Amphorenweine werden auch als Quevri-Weine bezeichnet, da die Amphoren ursprünglich aus Georgien stammen, wo sie eben als Quevri bezeichnet wurden. Die Quevris sind riesige Tongefäße, innen mit einer Schicht aus Bienenwachs ausgekleidet, um die allzu großen Poren zu verschliessen. Die Quevris werden nach der Ernte mit den entrappten Trauben gefüllt und vergraben! Ja wirklich, man vergräbt diese riesigen Tongefäße unter der Erde und überlässt sie dann quasi sich selbst. Innerhalb der Tongefäße fangen die Trauben langsam aber sicher an zu gären.

Copyright by Wikipedia/Traubenberger

Mögliche Größe eines Quevri – Copyright by Wikipedia/Traubenberger

Innerhalb von etwa einem halben Jahr werden die Trauben zu Wein. Man spricht deswegen auch von „Weinwerdung“ anstatt von „Weinbereitung“, da der Mensch hier gänzlich wenig zutut, um den Wein enstehen zu lassen. Die Temperatur und der Sauerstoffgehalt ist unter der Erde konstant gleich. Durch den Ton gelangt grade so viel Luft an die Trauben, dass es für eine sanfte Mikrooxidation ( kontinuierliche Zugabe von Sauerstoff zur Farbstabilisierung und Gerbstoffverfeinerung) ausreicht. Durch den ständigen Kontakt zu den Traubenschalen werden gänzlich alle Polyphenole und Farbstoffe aus den Trauben ausgelaugt. Das Ergebnis ist laut den Beschreibungen ein so ganz anderer Wein, als es der mitteleuropäische Gaumen gewöhnt ist. Mit den konventionell hergestellten Massenweinen hat der Amphorenwein kaum etwas zu tun. Zudem ist er, auch geöffnet und dunkel und kühl gelagert, Monate haltbar, so stabil soll er wohl sein. Welcher Wein kann das schon von sich behaupten?! Dieser Wein schmeckt wie Wein, den es vor Jahrtausenden schon gab. Geschichte pur!Ich finde diese altertümliche Art der Weinbereitung hoch interessant. Manchmal ist weniger eben mehr.
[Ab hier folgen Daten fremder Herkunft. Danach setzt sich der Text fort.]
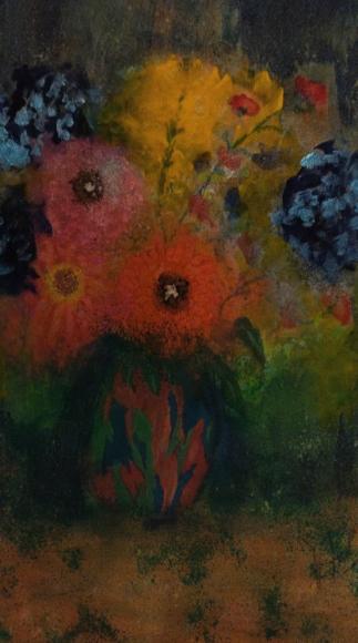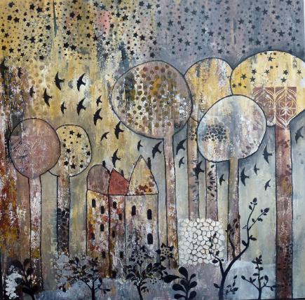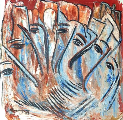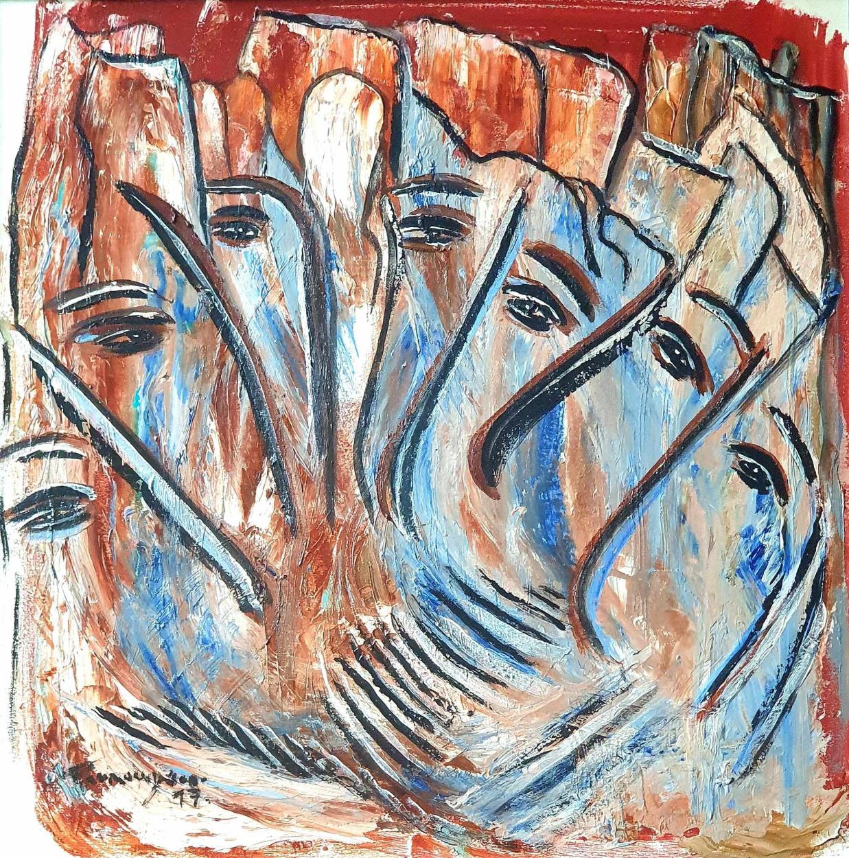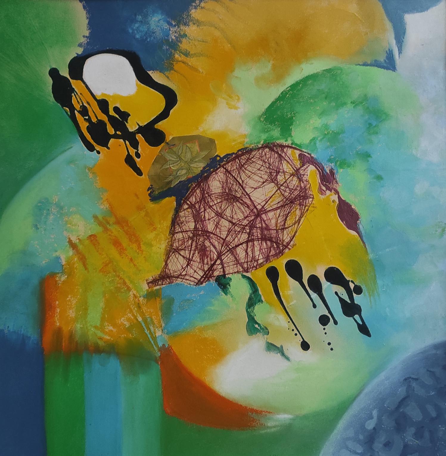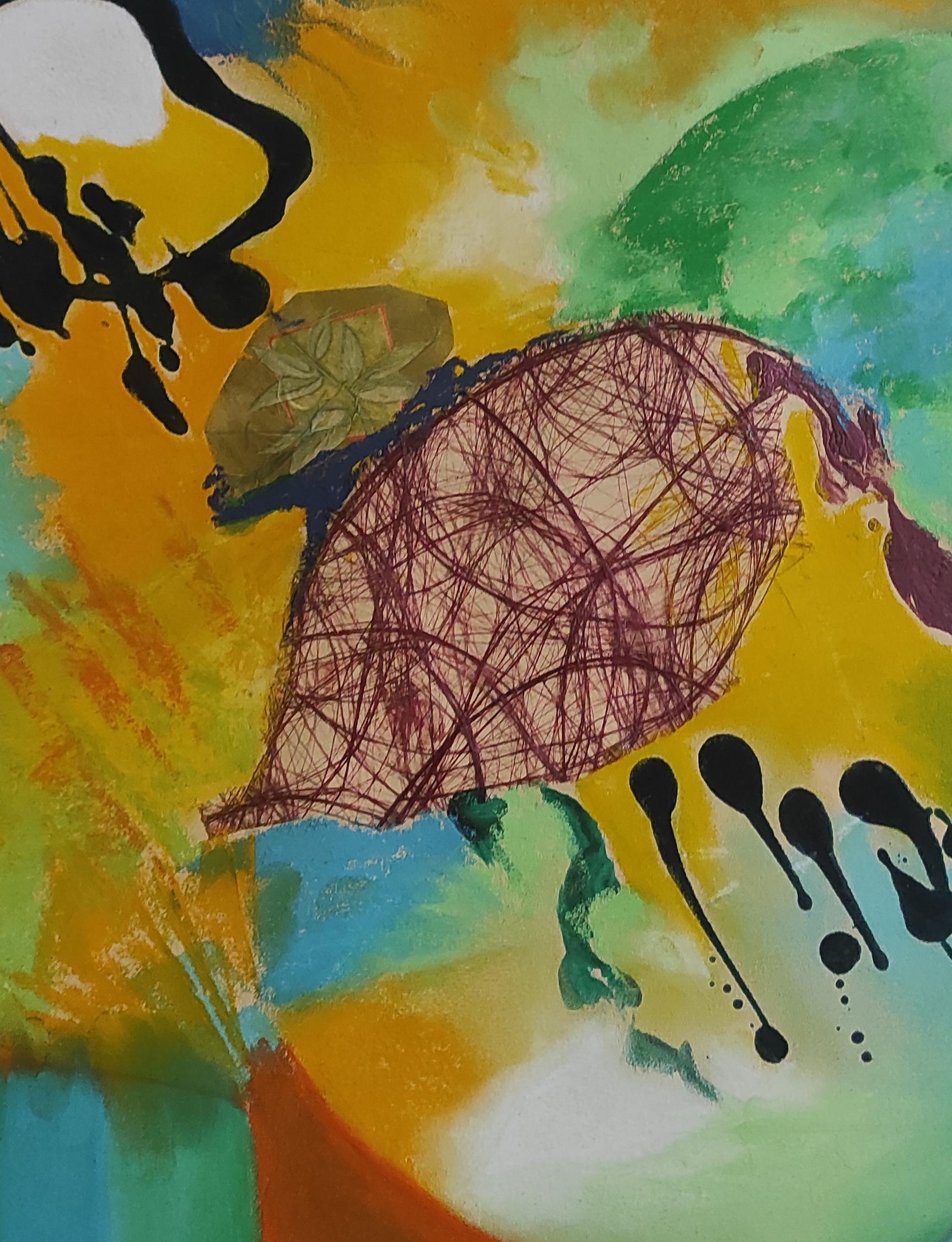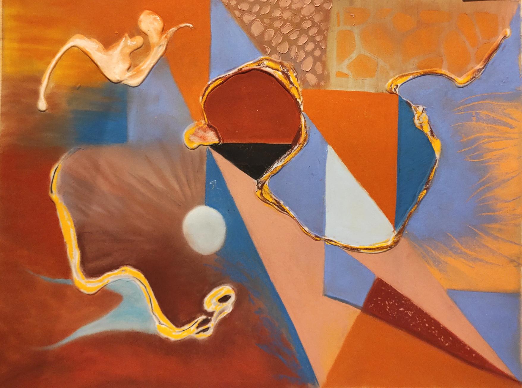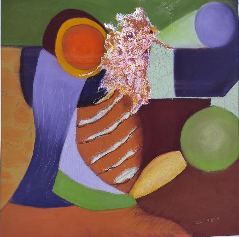 These creations are born from a free gesture, in an intertwining of colors and tones from different materials (acrylic, pastel). Each creation is a dialogue shaped by a paradox of fragile balance.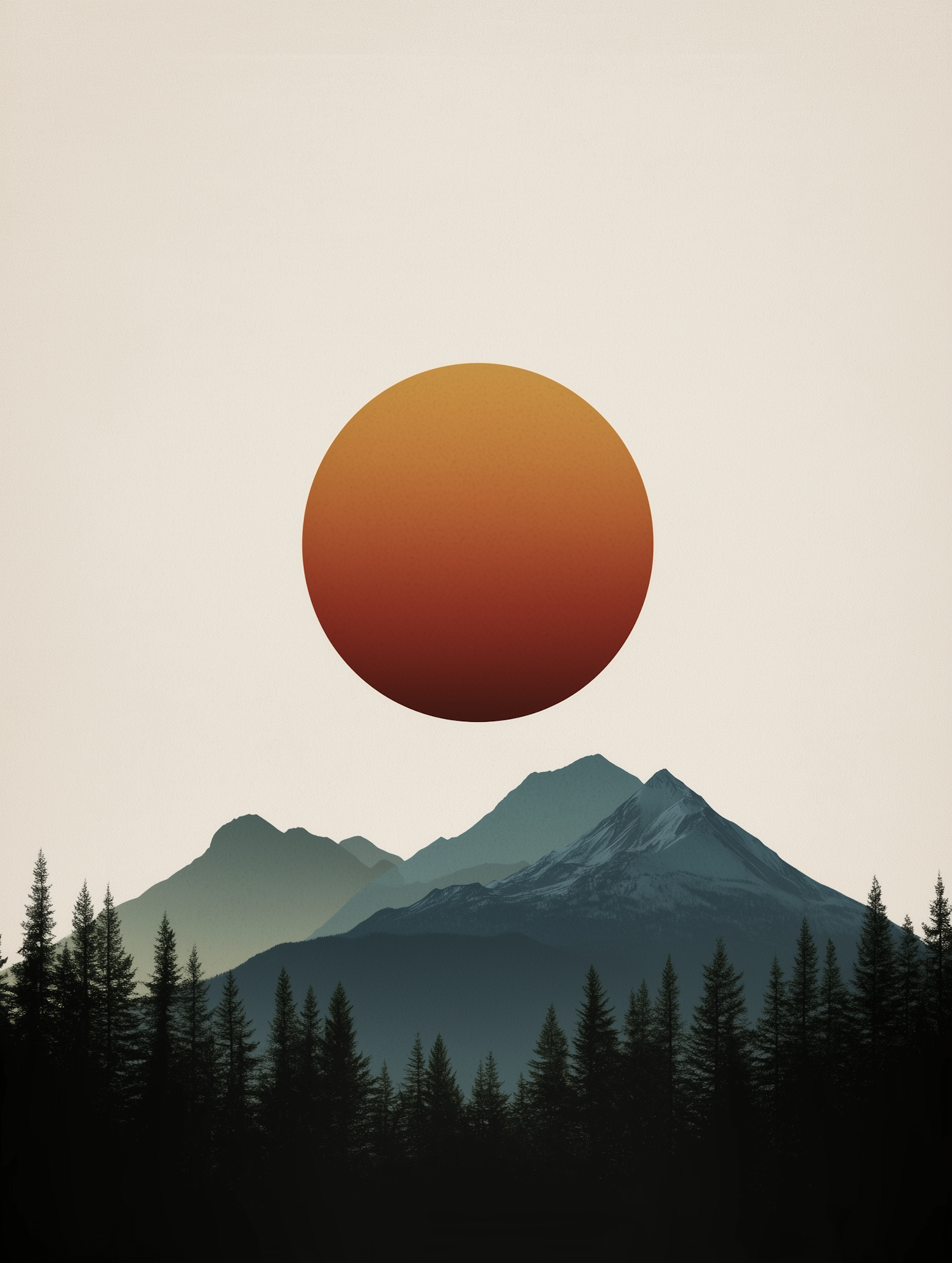 Minimalist mountain landscape with a gradient orange sun, evergreen trees, and layered peaks in muted green and blue tones.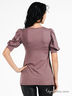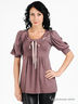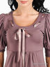 Детали: округлый вырез горловины декорирован продетой атласной лентой с бантиком, короткий рукав посажен на манжету, отрезной лиф, складки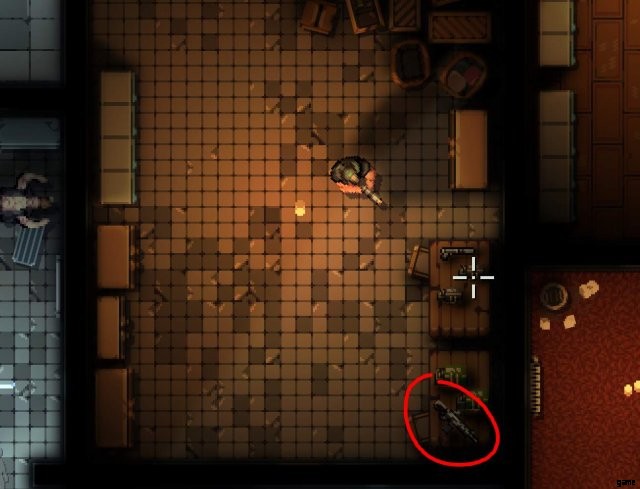 - SAIGA-12K は、東にある射撃場の建物内のテーブルの上にあります。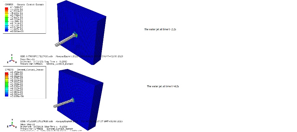I have recently conducted simulations in Abaqus 2022 Explicit regarding convective heat transfer between a liquid and a metal plate. The method I selected for this simulation in the step is Dynamic, Temperature-Displacement, Explicit. Heat transfer occurs on one surface of the plate, which is penetrated by a liquid jet. Heat transfer should take place in the contact area between the liquid and the solid. To achieve this, I implemented a Python function that detects the contact area between the liquid and the solid using the C_PRESS data on the nodes of the contact surface of the metal plate. The resulting area was taken as an analytical field (a mapped field with a field value of 1 at each node), which is used in the film condition to implement the heat transfer coefficient for the new restart job.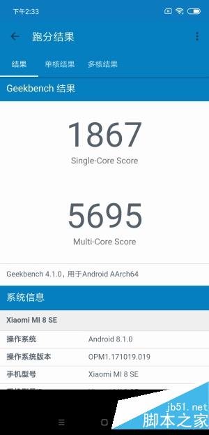 荣耀8X对比小米8 SEGeekbench跑分对比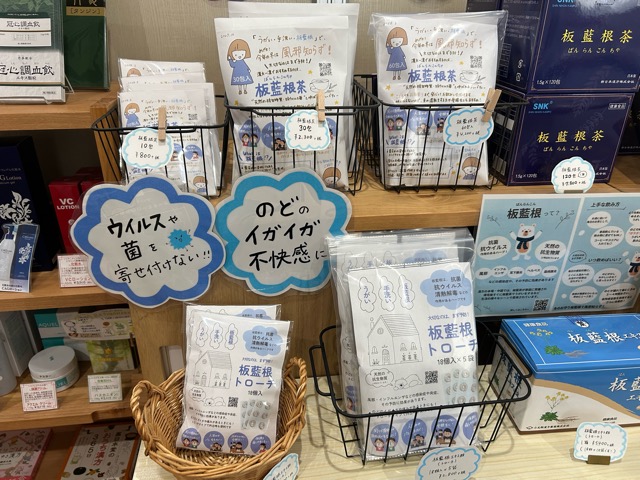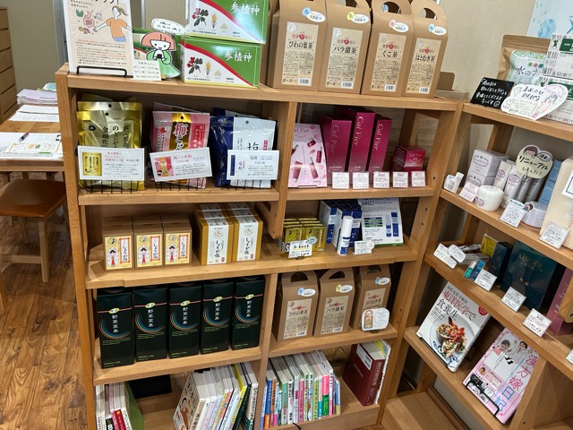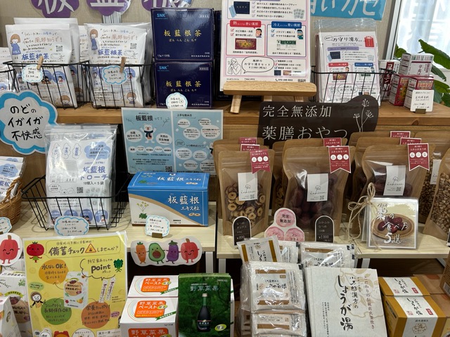 こちらのスペースでは梅こぶ茶などののど飴やくこ茶やはと麦茶などの漢方茶、しょうが湯、スキンケア商品が販売されています。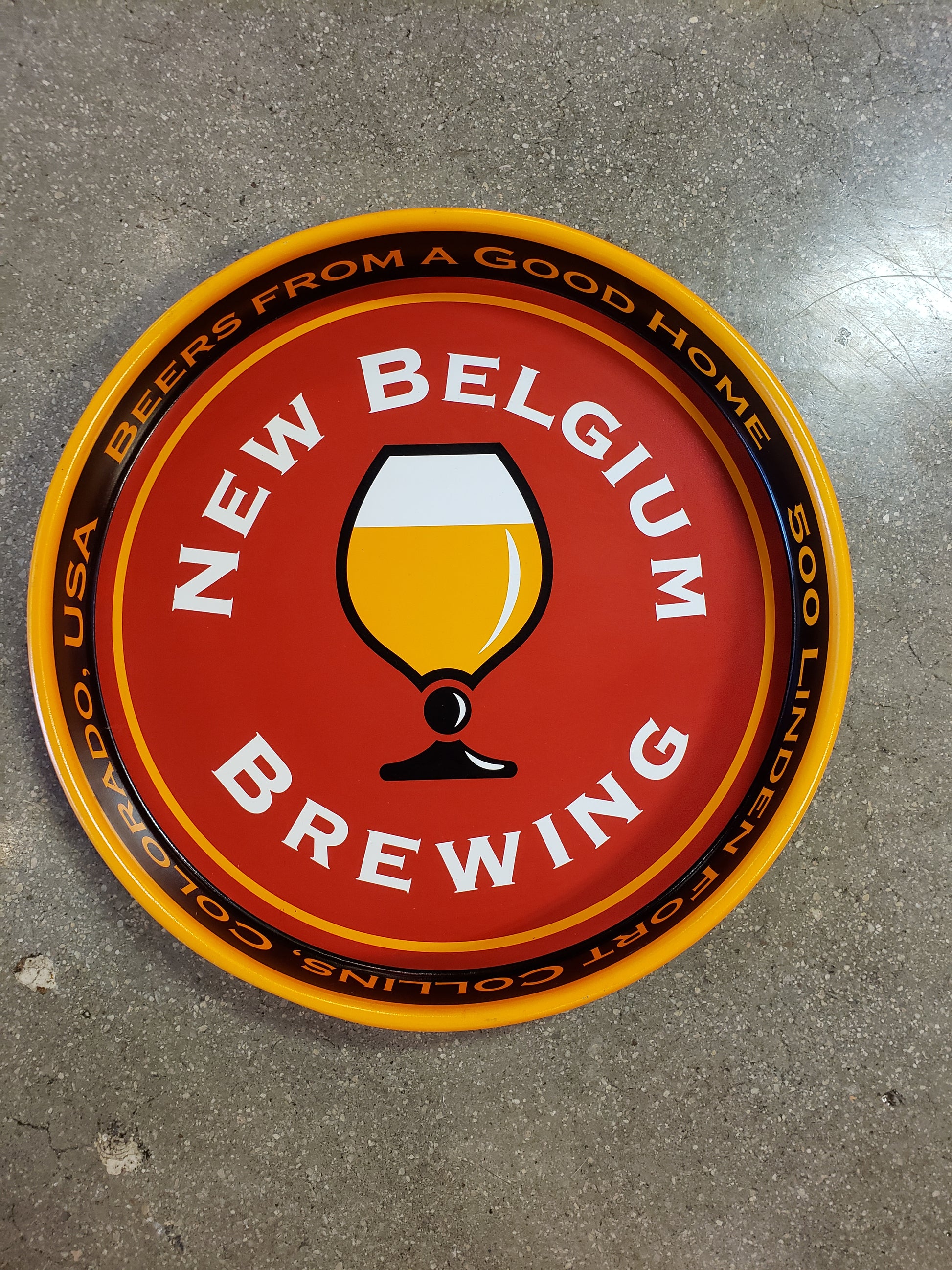 Round Metal Beer Tray advertising New Belgium Brewing, 13 inches in diameter. 1 5/8 inches deep. The base and lower rim has some scratches from being used, this tray is in fair condition.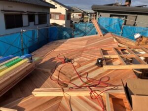 屋根の板はほとんどの工務店が合板、針葉樹を使っている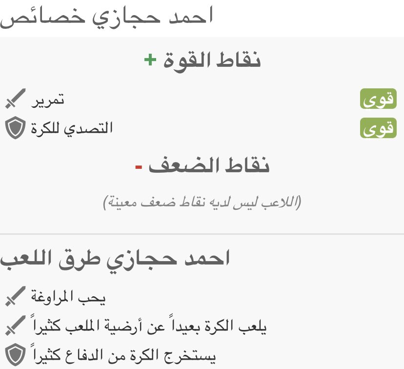 ▫️بالطبع لدى #احمد_حجازي مميزات كثيرة، لكن لا يوجد لاعب -كامل- لذلك المتابع لحجازي يدرك أن اللاعب -ثقيل حركيًا- نسبيًا لهذا لا تجده يحب أسلوب -الدفاع المتقدم- بسبب الثقل الذي يعود لوزنه ➕ طوله وهذا الأمر يعاني منه كثير من اللاعبين أصحاب الطول الفارع أمثال #مغواير على سبيل المثال
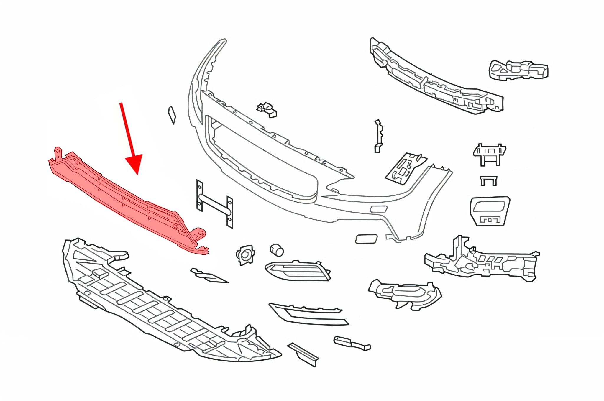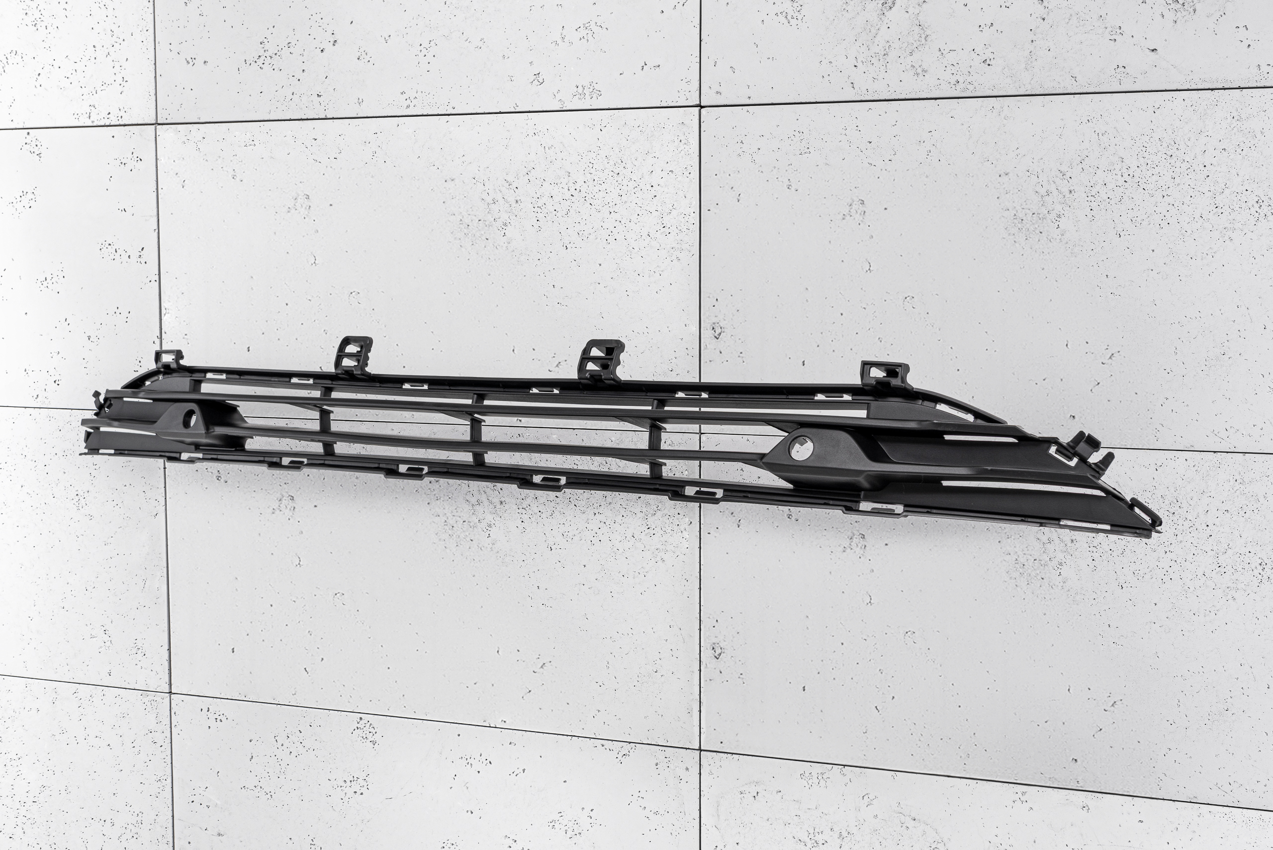 Kratka środkowa przedniego zderzaka, z otworami pod czujniki parkowania PDC, dla VOLVO S90 2016-2020 (wersja przed faceliftingiem).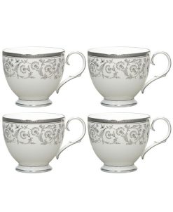 Summit platinum is a mix of textures and visuals, pairing traditional and modern elements on bone China. Incorporated for more depth are touches of a finely speckled gray and monochromatic looping floral elements.

Entstanden ist diese älteste Art der Weinbereitung wohl gleichzeitg mit der Entwicklung der Töpferskunst. Im Neolithikum begann man mit dem Vergraben der Amphoren und schon damals waren die daraus enstehenden Weine hoch geschätzt. In Georgien wird diese alte Kunst noch immer vo einigen Winzern betrieben, und auch im Rest Europas gibt es mitlerweile einige Winzer, die Amphorenwein herstellen. Der biodynamisch arbeitende Winzer Bernhard Ott aus Österreich beispielsweise, oder Josko Gravner aus Italien. Ein großes Problem ist jedoch die Verfügbarkeit der Quevris. Nur wenige Töpfer beherrschen die Handwerkskunst, die riesigen Gefäße herzustellen. In Georgien sind es scheinbar lediglich noch 5 Menschen überhaupt, die Amphoren herstellen können. Das erklärt dann auch die ziemlich hohen Preise und die limitierte Verfügbarkeit der Weine bei uns.

Zum Thema des biodynamischen Weinbaus passen die Weine aus den historischen Quevris extrem gut. Im Weinberg schon arbeiten die Reben autonom, werden vom Winzer nur in ihren Kräften unterstützt und gestärkt, und ebenso dann in der Amphore. Back to the roots also!

Wenn ich die Gelegenheit bekomme, dann werde ich definitv einen Amphorenwein probieren, dieses Geschmackserlebnis und diese Rückführung in vergangene Zeiten will ich mir nicht entgehen lassen.